From: Vitaly Kuznetsov <vkuznets@redhat.com>
To: Marcelo Tosatti <mtosatti@redhat.com>
Cc: kvm@vger.kernel.org, Paolo Bonzini <pbonzini@redhat.com>,
Sean Christopherson <seanjc@google.com>,
Wanpeng Li <wanpengli@tencent.com>,
Jim Mattson <jmattson@google.com>
Subject: Re: [PATCH v2 1/2] KVM: x86: hyper-v: Properly divide maybe-negative 'hv_clock->system_time' in compute_tsc_page_parameters()
Date: Tue, 30 Mar 2021 16:44:29 +0200 [thread overview]
Message-ID: <87ft0cu2eq.fsf@vitty.brq.redhat.com> (raw)
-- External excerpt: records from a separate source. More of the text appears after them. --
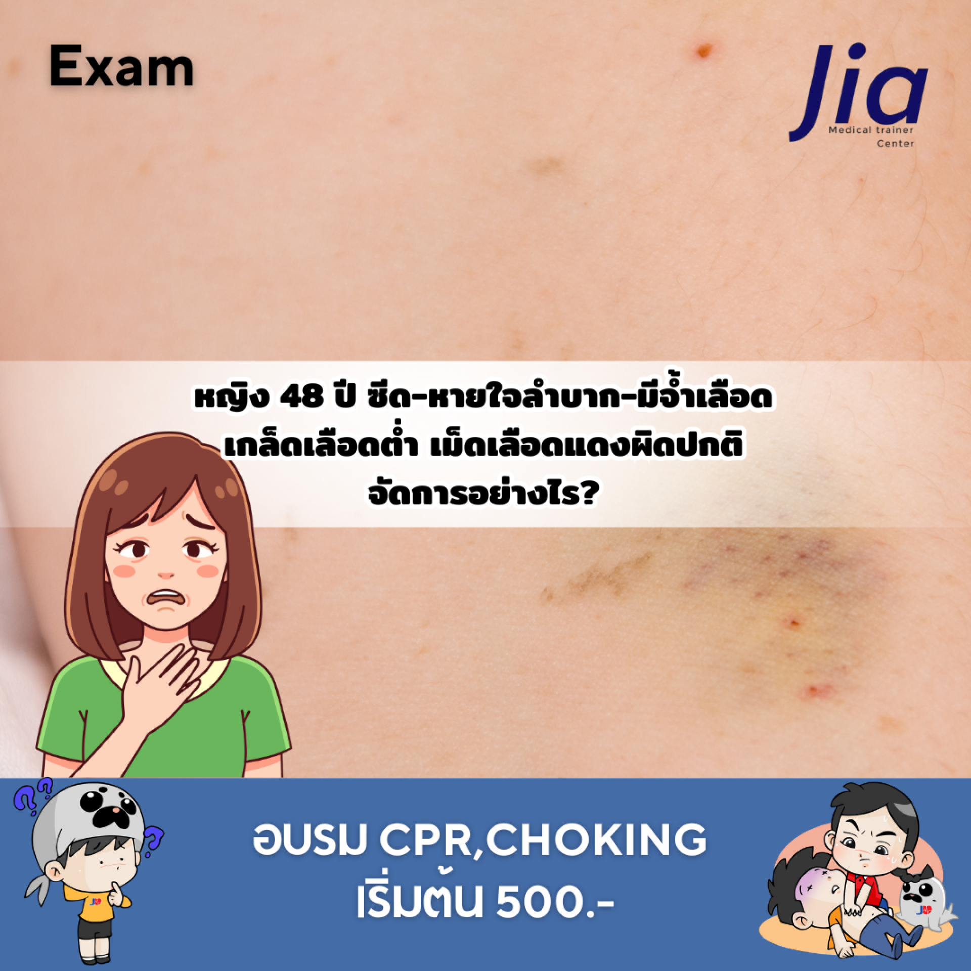 หญิง 48 ปี ซีด-หายใจลำบาก-มีจ้ำเลือด เกล็ดเลือดต่ำ เม็ดเลือดแดงผิดปกติ จัดการอย่างไร?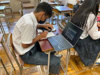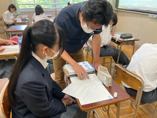 先生に質問したり、教えあったりしながら問題を解いています。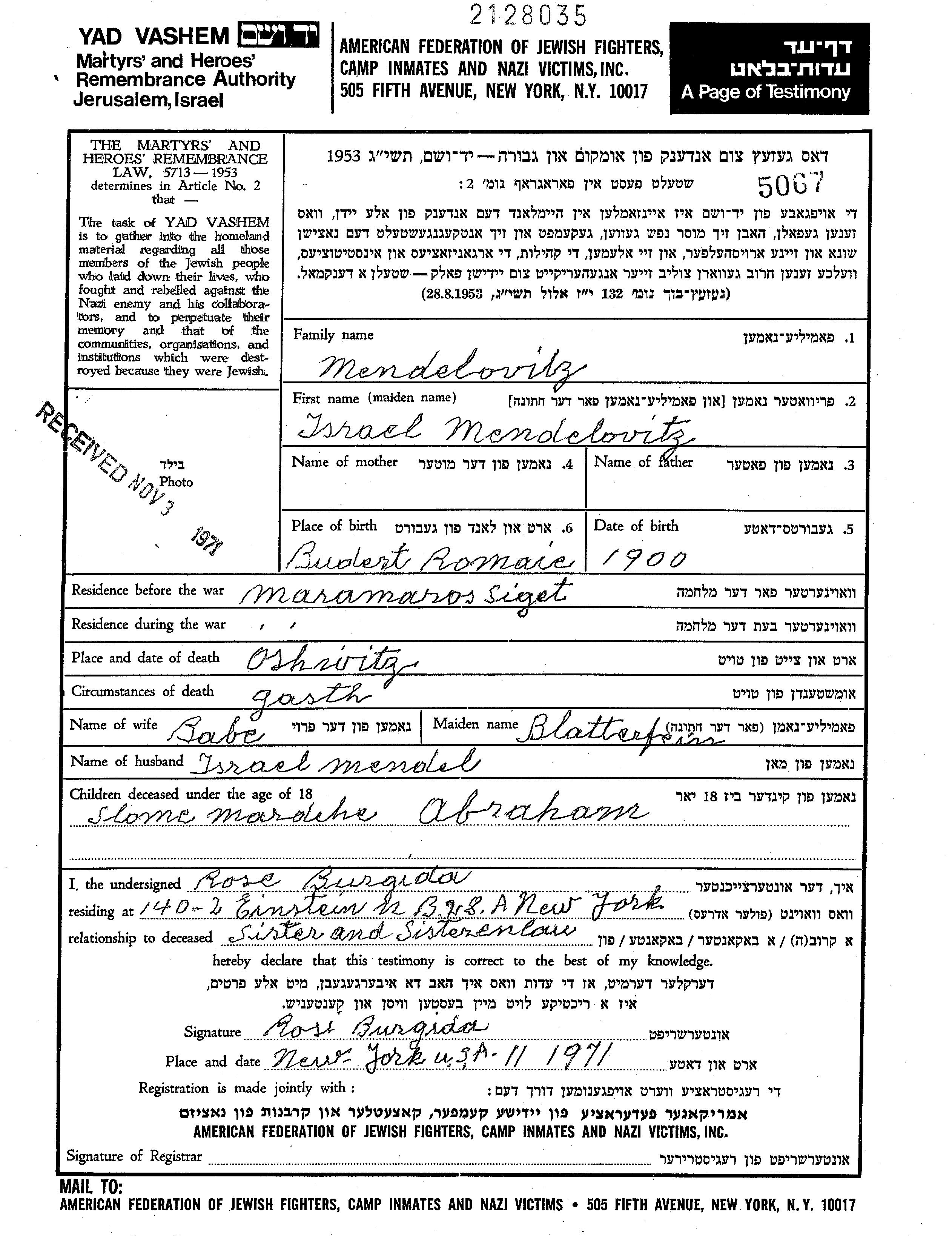 Менделовиц Исраэль 1900 Марамарошсигет, Румыния Лист свидетельских показаний
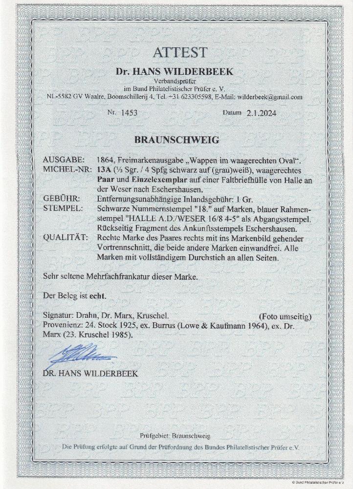 | Zusatzinformationen und Suchstichworte: | Südphila P. Feuser 101. Auktion 16. März 2024 Los 262 Altdeutschland Braunschweig 1/3 Sgr. schwarz, waagr. Paar (rechts kleiner Einschnitt) und Einzelstück in perfekter Erhaltung auf Brief mit Stempel "18" Halle a.d.Weser nach Eschershausen, eine sehr seltene Mehrfachfrankatur der Altdeutschland-Rarität Ausruf 4.000,00 EUR |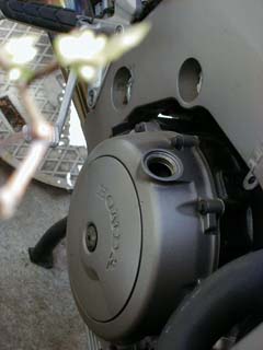 オイルが抜けたらドレンボルトを取りつけ、この穴から新しいオイルを注ぐ。ブラバの場合 オイルのみ交換は3.8L、エレメントも交換の場合 3.9L。あとはゲージを見ながら大体の感覚で・・・。以上で終了。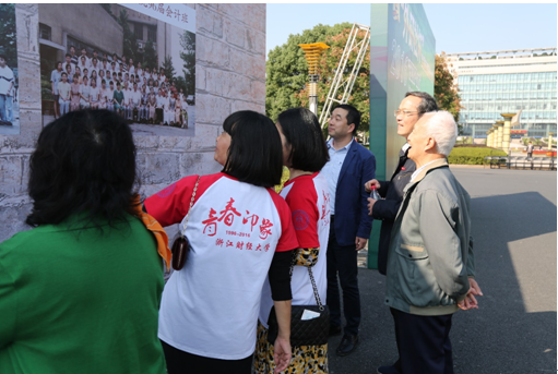 早上8点不到,已有员工陆续到校报到。老同学久别重逢,一边嘘寒问暖,一边三五成群地在“当初的我”照片墙、“印象财大”留影墙、“WE ARE ZUFERS”主题景观等地拍照留念,重温青葱岁月。

In-Reply-To: <20210330131236.GA5932@fuller.cnet>
Marcelo Tosatti <mtosatti@redhat.com> writes:
> Hi Vitaly,
>
> On Mon, Mar 29, 2021 at 01:47:59PM +0200, Vitaly Kuznetsov wrote:
>> When guest time is reset with KVM_SET_CLOCK(0), it is possible for
>> hv_clock->system_time to become a small negative number. This happens
>> because in KVM_SET_CLOCK handling we set kvm->arch.kvmclock_offset based
>> on get_kvmclock_ns(kvm) but when KVM_REQ_CLOCK_UPDATE is handled,
>> kvm_guest_time_update() does
>>
>> hv_clock.system_time = ka->master_kernel_ns + v->kvm->arch.kvmclock_offset;
>
> Hum, masterclock update should always precede KVM_SET_CLOCK() call.
>
> So when KVM_SET_CLOCK(0) is called, we'd like the guest (or the
> following):
>
> static __always_inline
> u64 __pvclock_read_cycles(const struct pvclock_vcpu_time_info *src, u64 tsc)
> {
> u64 delta = tsc - src->tsc_timestamp;
> u64 offset = pvclock_scale_delta(delta, src->tsc_to_system_mul,
> src->tsc_shift);
> return src->system_time + offset;
> }
>
> To return 0 (which won't happen if pvclock_data->system_time is being
> initialized to a negative value).
>
> KVM_SET_CLOCK(0)
>
> kvm_gen_update_masterclock(kvm);
> now_ns = get_kvmclock_ns(kvm);
> kvm->arch.kvmclock_offset += user_ns.clock - now_ns = -now_ns;
>
> hv_clock.tsc_timestamp = ka->master_cycle_now;
> hv_clock.system_time = ka->master_kernel_ns + ka->kvmclock_offset;
>
> Wonder if the negative value happens due to the switch from
> masterclock=off -> on (get_kvmclock_ns reading kernel time directly).
>
> Perhaps this error is being added to clock when migration is performed.
>
The issue is very easy to reproduce if you take the selftest (PATCH2
from this series), it is just a simple KVM_SET_CLOCK(0) call which makes
Hyper-V TSC page value very very big.
The order of events is:
KVM_SET_CLOCK(0) is performed and we set
now_ns = get_kvmclock_ns(kvm);
kvm->arch.kvmclock_offset += user_ns.clock - now_ns;
user_ns.clock is zero here. Note, we use get_kvmclock_ns() which gives
the precise kvmclock value for the moment , to simplify things a bit:
kvm->arch.kvmclock_offset = kvmclock_offset - master_kernel_ns -
kvmclock_offset - pvclock_scale_delta() == -master_kernel_ns - pvclock_scale_delta()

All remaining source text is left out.